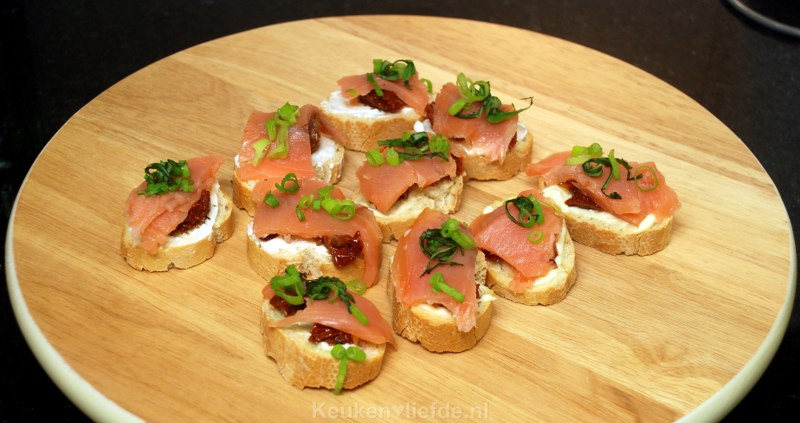 Hapje met zongedroogde tomaat en gerookte zalm
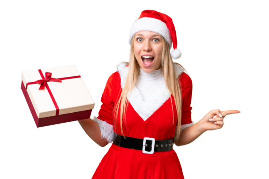 Young blonde woman with christmas hat and holding a gift over isolated chroma key background surprised and pointing finger to the side
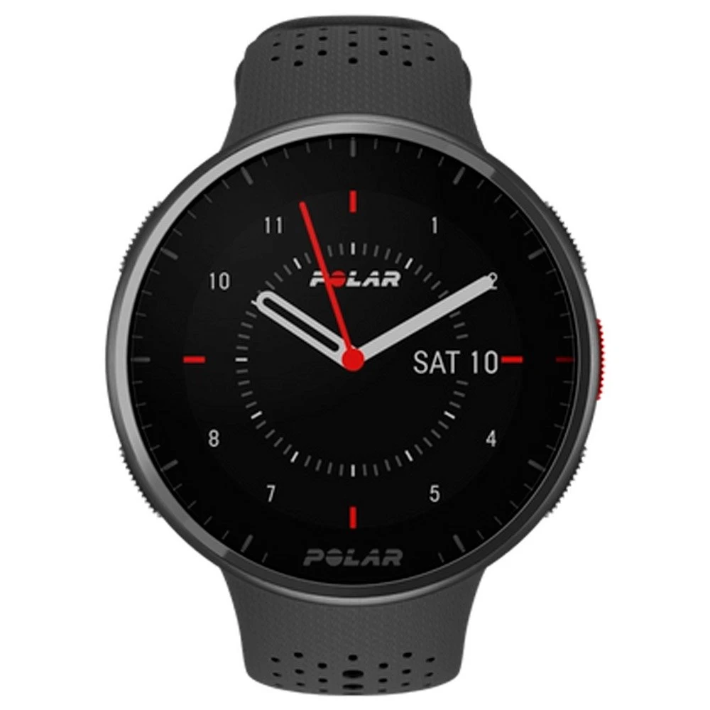 La montre GPS Polar Pacer Pro est un modèle offrant des fonctions avancĂ©es de suivi de parcours et de vos performances. Elle permet de planifier ses entraĂ®nements, de se fixer de nouveaux objectifs, de voir sa progression, etc. Elle intègre des capteurs pour mesurer la frĂ©quence cardiaque, ainsi que de très nombreuses fonctionnalitĂ©s (voir liste ci-dessous). Le système de gĂ©olocalisation et de navigation associe les systèmes GPS (USA), Glonass (Russie), QZSS (Japon) et Galileo (Europe) pour un positionnement rapide et prĂ©cis oĂą que vous soyez. Étanche, cette montre Polar bĂ©nĂ©ficie d’un Ă©cran Gorilla Glass 3.0 ultra rĂ©sistant contre les chocs. RĂ©troĂ©clairĂ©, il s’adapte aux changements d’intensitĂ© de la lumière, restant toujours parfaitement lisible. Très lĂ©gère, la Pacer Pro dispose Ă©galement d’une batterie rechargeable offrant 35h, 100h ou 7 jours d’autonomie si l’on est respectivement en mode entraĂ®nement, en mode entraĂ®nement avec Ă©conomie d’énergie ou en mode montre connectĂ©e.Â
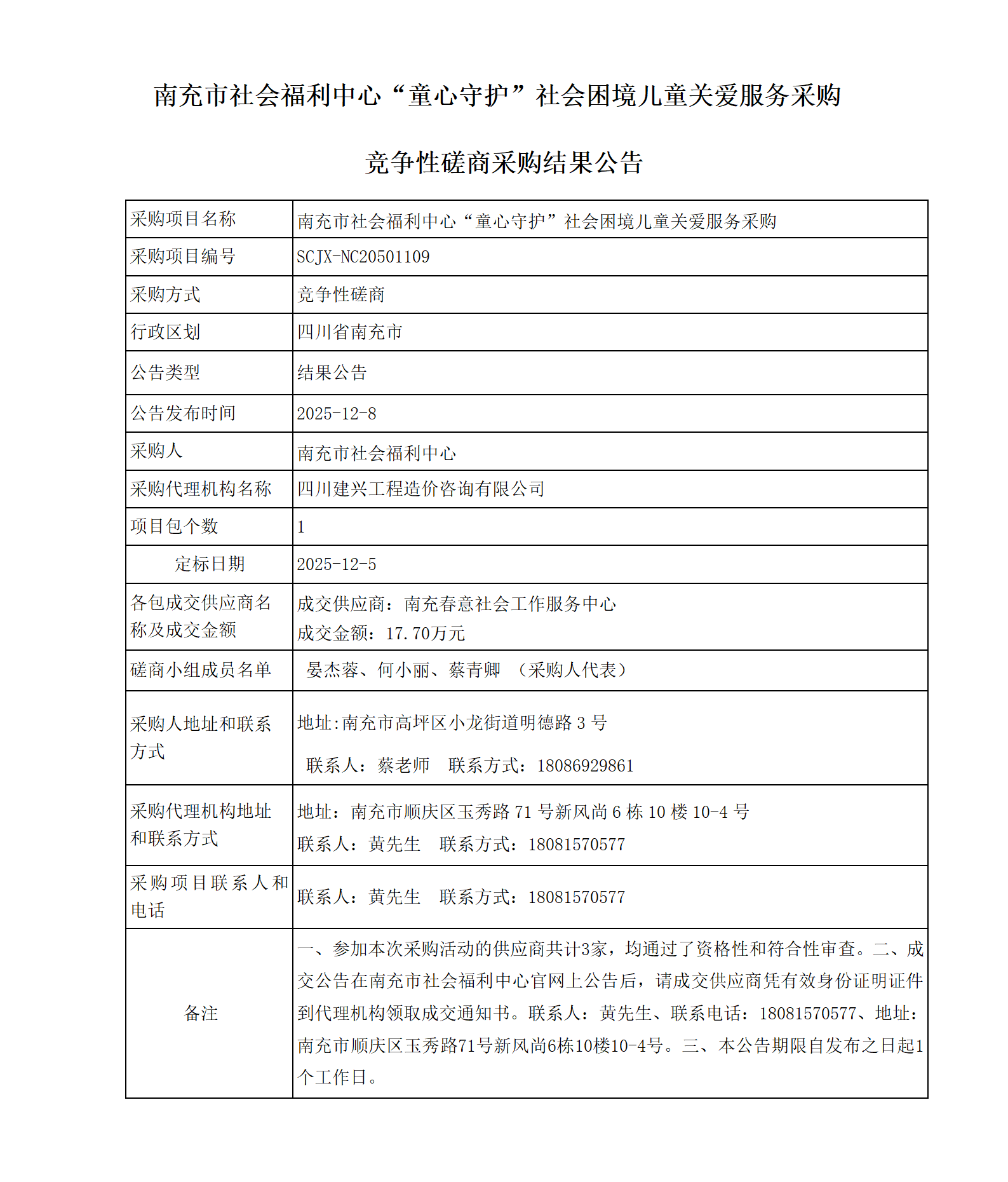 南充市社会福利中心“童心守护”社会困境儿童关爱服务采购竞争性磋商采购结果公告

### Prompt:
Reproduce verbatim the opening line of the material and every line after it, up to and including the line with "Young blonde woman", but no pictures.

### Task result:
 Hapje met zongedroogde tomaat en gerookte zalm
 Young blonde woman with christmas hat and holding a gift over isolated chroma key background surprised and pointing finger to the side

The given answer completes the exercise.